Digging through bundles of documents, newspaper clippings, brittle and dusted with flour and sugar from the UNRWA aid bags nearby, I slumped down in a huff of sweat and exhaustion. “Where is the good stuff?” I shouted down from the cellar to the grandson sitting cross-legged on an upturned Nido milk can below and blowing tight curls of smoke in the cramped space. He shrugged, “Jiddu burned them when the tanks came in.” “What?” “Sitti said he and all the neighbourhood took everything they thought the Israelis might take, and burned it next to the garbage cans.”

Up and down the West Bank, as I went in search of archival materials, the same tale was retold by the children and descendants of my research’s cast of characters. Nervous educators clamoured to gather up political leaflets, cadre lists, strategic documents, newspapers, textbooks, photographs, personnel files, anything and everything they thought might implicate them as people of interest to the invading army, and burned them in bonfires or buried them in pits in the middle of farmland. The days after the June 1967 war saw an archival ‘Naksa’, histories of political and social life collapsing into ash.

However, as with the archival spoils of war from the Nakba, there is one remaining witness – the Israeli archives.

In recent months, Israeli and Middle East Studies historians, particularly those outside Israel, have responded with indignation, frustration, and general discontent, at the Israel State Archive’s plans to restrict access to their records in the name of digitisation. Palestinian historians and archivists, however, have pointed out that this access was never afforded to Palestinians to begin with. Indeed, in a neat juxtaposition, the news of the Israeli archival closures emerged while a few hills over, the Palestinian Museum was preparing to inaugurate its new building on the outskirts of Ramallah without an opening exhibit.

What is left behind in these new conversations are the other archival survivors of the Nakba, Naksa, incessant invasions and their aftermaths: the records of several Arab states.  Understandably, attention often focuses on the materials Israel has seized from Palestinians, but Israel holds documents belonging to Iraq, Jordan, Egypt, Syria, and Lebanon (at least). Most of that material remains classified. We only know of it because Israeli historians working in service of the state, or as part of military research, have published studies utilising this material. It is because of historians such as Amnon Cohen, Moshe Maoz, Shaul Mishal, and Avi Plascov — all with military backgrounds — that we know Israel holds substantial materials belonging to Jordanian intelligence during its rule over the West Bank from 1948 to 1967, including material collected in refugee camps. Works by Uriel Dann on Iraq, Itamar Rabinovich on Syria, and Yagil Henkin on Egypt all use seized documents, and hint at what might or might not exist in Israel’s archival holdings.
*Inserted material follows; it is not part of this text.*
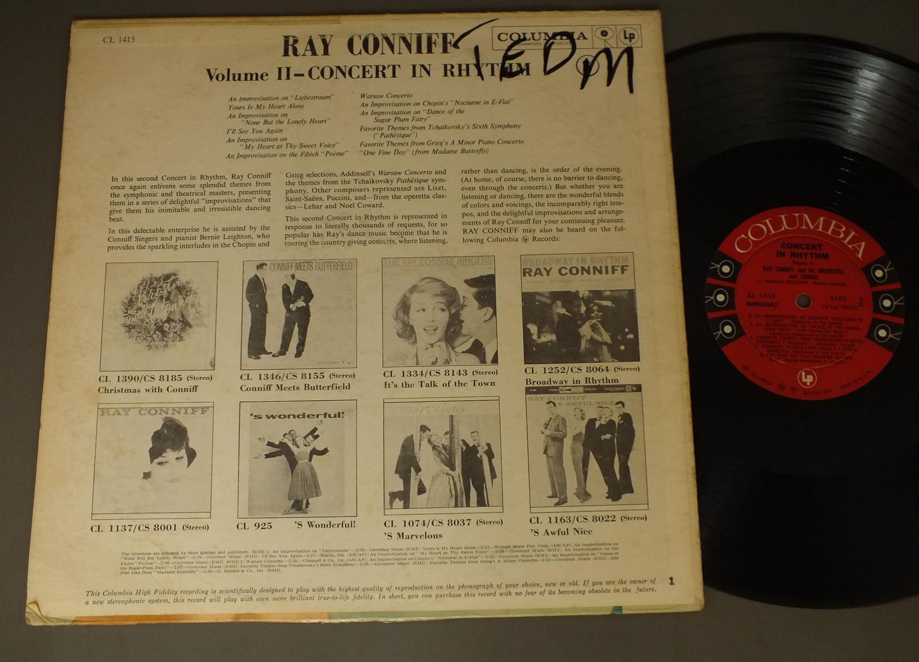 RAY CONNIFF/CONCERT IN RHYTHM-VOLUME 2 CL1415 製造国:米国盤 / Media:LP外観:VG+盤の状態:VG+ 価格(税込):¥1,100(売約済) 送料 7inch:定形外郵便 360円~LP:定形外郵便 660円~送料は、注文の最終画面で確認頂けます。 > > RAY CONNIFF/CONCERT IN RHYTHM-VOLUME 2 外観 (VG+)特記事項:上ヘリにスレやテープ補修。底抜け有り。背スレ有り。ジャケ表面にスレよごれやシミ。外観VG+の共通説明:ダメージやや有り。シミ、ヨゴレ、スレなど多少~やや多め。 盤の状態 (VG+)特記事項:薄いスリキズ・細かいスレ多少。プチ出そうな小キズ、線キズも有ります。少し聴いてみましたが、音自体はしっかりクリアーに鳴っているようでした。盤VG+の共通説明:盤面にスリキズが多少~やや有り、音に出そうなものも多少ある。 Tweet それぞれの画像をクリックすると、大きい写真が見られます こちらの商品もお勧めです 440円 JOHNNY GUARNIERI / JOHNNY GUARNIERI REMEMBERED 880円 PAUL RENARD / MANY KEYBOARDS OF THE AMAZING PAUL RENARD 770円 BOB WILBER / DIZZYFINGERS 770円 HANNA-FONTANA BAND / LIVE AT CONCORD 770円 WOODY HERMAN / LIVE AT MONTEREY 1,540円 EARL FATHA HINES / EARL FATHA HINES 1,100円 AL HIRT / BEST OF AL HIRT 1,320円 SHARKEY AND HIS KINGS OF DIXIELAND / MIDNIGHT ON BOURBON STREET

The status of these materials under international law is unclear. As archivist Trudy Peterson notes, “every major national archival system at some point has or will have seized materials [that rightly belong to other nations].” The laws of war give states like Israel rights to seize enemy military records documents that may contribute to the war effort, as well as municipal archives that may be needed to administer occupied territory. But intermixed in all this must also be countless personal papers – think of letters from family and lovers found on the bodies of killed soldiers – that must be considered private property immune from confiscation. Arab governments – especially those that have already concluded peace treaties with Israel – should demand the return of their documents.
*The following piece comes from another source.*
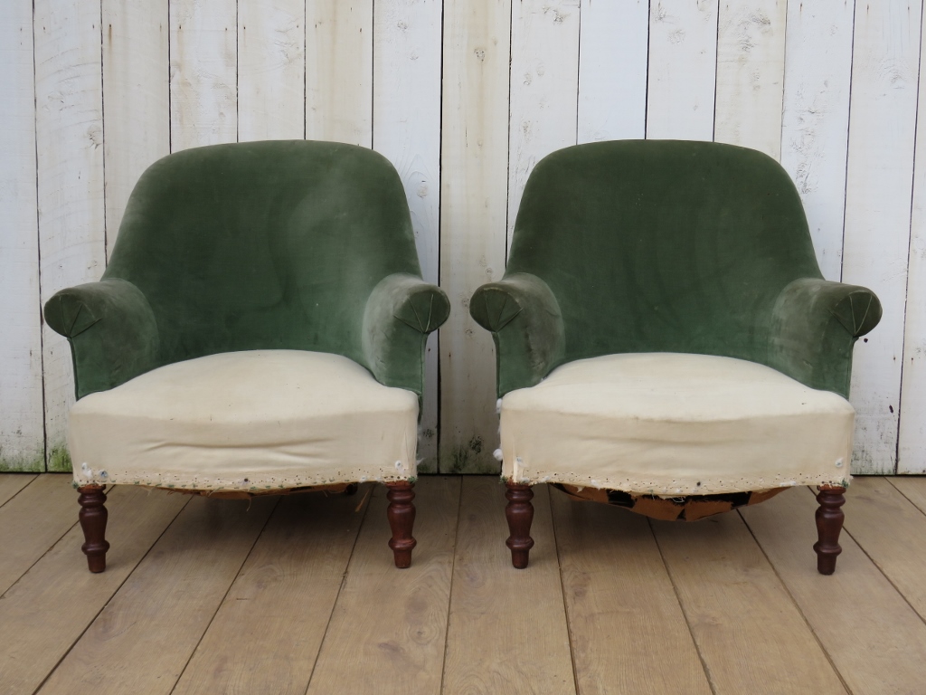 Pair of Antique Napoleon III Tub Chairs for Re-Upholstery

Historians tend to think of the preservation of records and their availability to researchers as unmitigated goods. But the debate over access to the Israeli archives largely takes for granted that “the public” here whose “right to know” is being asserted in practice excludes the millions of Palestinians in exile and Arab citizens who may justly count significant portions of the archive to be part of their national patrimony.

Some, including Israeli archivists and historians, have argued that access, and more comprehensive digitisation, would render unnecessary any demand to return archival documents. There is a certain irony to this posture of simultaneously discounting the significance of the materiality of objects while insisting on maintaining a material hold on them. Access isn’t always the highest good: whether Arab states allow their citizens to see to these materials, or to materials in their own archives for that matter, is quite beside the point. If a national archive is an assertion of state will to narrate, it is not Israel’s alone to make.
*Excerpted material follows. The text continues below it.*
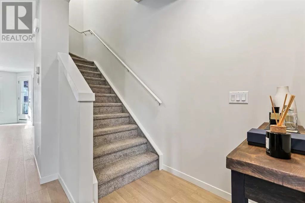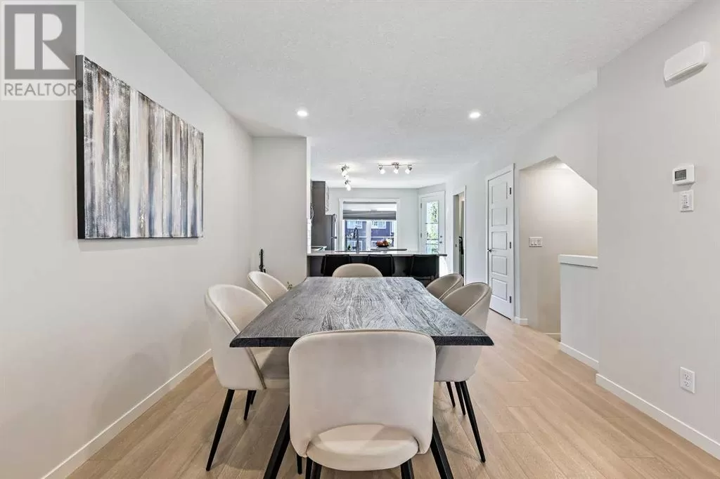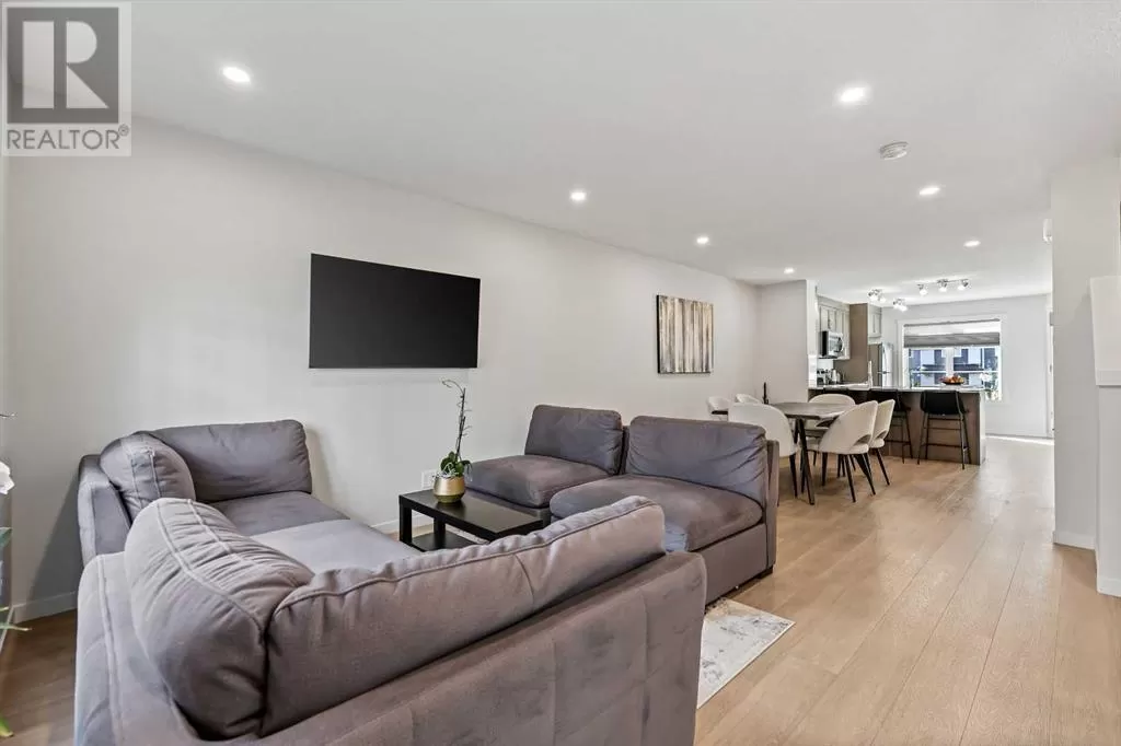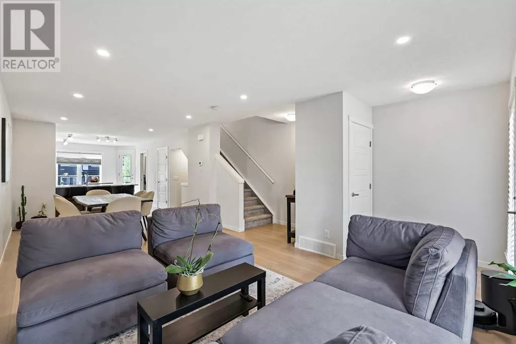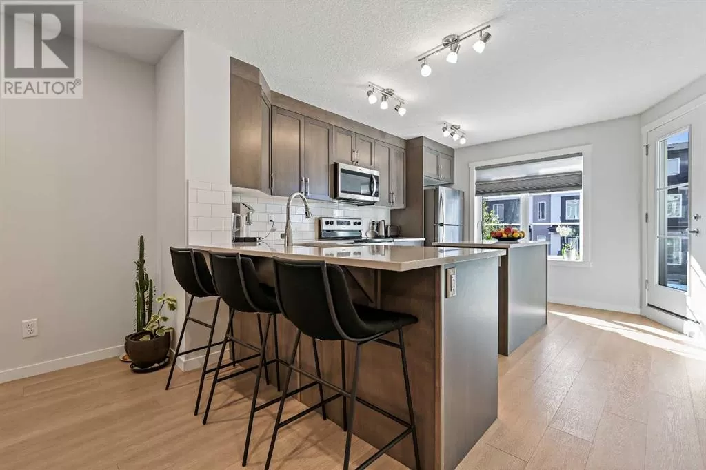 Welcome to your dream townhome in vibrant and walkable Setonâa master-planned urban community where lifestyle and convenience come together. Offering over 1,600 square feet of thoughtfully designed living space, this stunning 3-storey home with a double attached tandem garage is perfectly situated just steps from greenspaces, shops, restaurants, and some of Calgaryâs best amenities. From the moment you enter the complex, youâre greeted by a charming tree-lined pathway, accented by soft lighting and manicured greenspace, leading to your front entrance. A raised cement porch with classic wrought iron railing provides a warm welcome to this beautifully elevated residence. Inside, youâll discover a spacious open-concept main floor that balances both comfort and style. The inviting living room flows effortlessly into the designated dining space, creating a perfect setting for family dinners and entertaining guests. Adjacent to the dining area is a casual breakfast bar for quick meals or cozy conversations over coffee. The chef-inspired kitchen showcases stunning quartz countertops, rich cabinetry, stainless steel appliances, and a functional pantry to keep everything within reach., while a stylish 2-piece powder room is tucked away at the rear, along with a quaint balconyâideal for your morning coffee or evening wind-down. Upstairs, you'll find two generous bedrooms strategically located on opposite ends for privacy and enhanced natural light. The Primary Suite is a peaceful sanctuary featuring a walk-in closet and a private 4-piece ensuite and the second bedroom is equally spacious, bright, and invitingâperfect for family, guests, or a home office. Custom blinds by Blindsgalore add privacy and light control throughout the home. An additional full bathroom and upper laundry offer convenience and functionality. Saving the best for lastâthe top-level Bonus Room delivers a true wow factor. Featuring a custom bar area with built-in wine cooler, this flexible space is perfec t for entertaining, movie nights, or simply relaxing after a long day. From here, step out onto your private rooftop terraceâa rare and remarkable feature that transforms your home into a vacation-like getaway. Whether youâre hosting friends under the stars or enjoying a tranquil moment alone, this rooftop haven is the showstopper you never knew you needed. To complete this home the ground level offers access to your double tandem attached garage, providing secure parking for two vehicles and ample storage space. Located in the heart of Seton, this home is surrounded by everything you need: South Health Campus, Seton Urban District with restaurants, shops, cafés, and a movie theatre. The largest YMCA in North America, new parks, schools, and future LRT access. A community filled with vibrant energy and ever-growing amenities. A park and playground are mere steps from your front door. Donât miss your chance to live in a townhome that offers the space, style, and rooftop luxury youâve been dreaming of! (id:27476)

Back to the cellar: Talk of Palestinian archives often mirrors the dyad of lament and valourisation of Palestinian politics and life, the archives dispersed, decayed yet expressing ‘resilience’ and rectitude.  What the Palestinians who destroyed their papers in 1967 — and left historians like me frustratingly little to read — foretold is that sometimes resistance to colonization may require a disappearing act. As for all that remains: return, not access, is the solution to archival captivity.

Thanks to Rachel Mattson, Darryl Li, and Basim Musallam for conversations around this piece.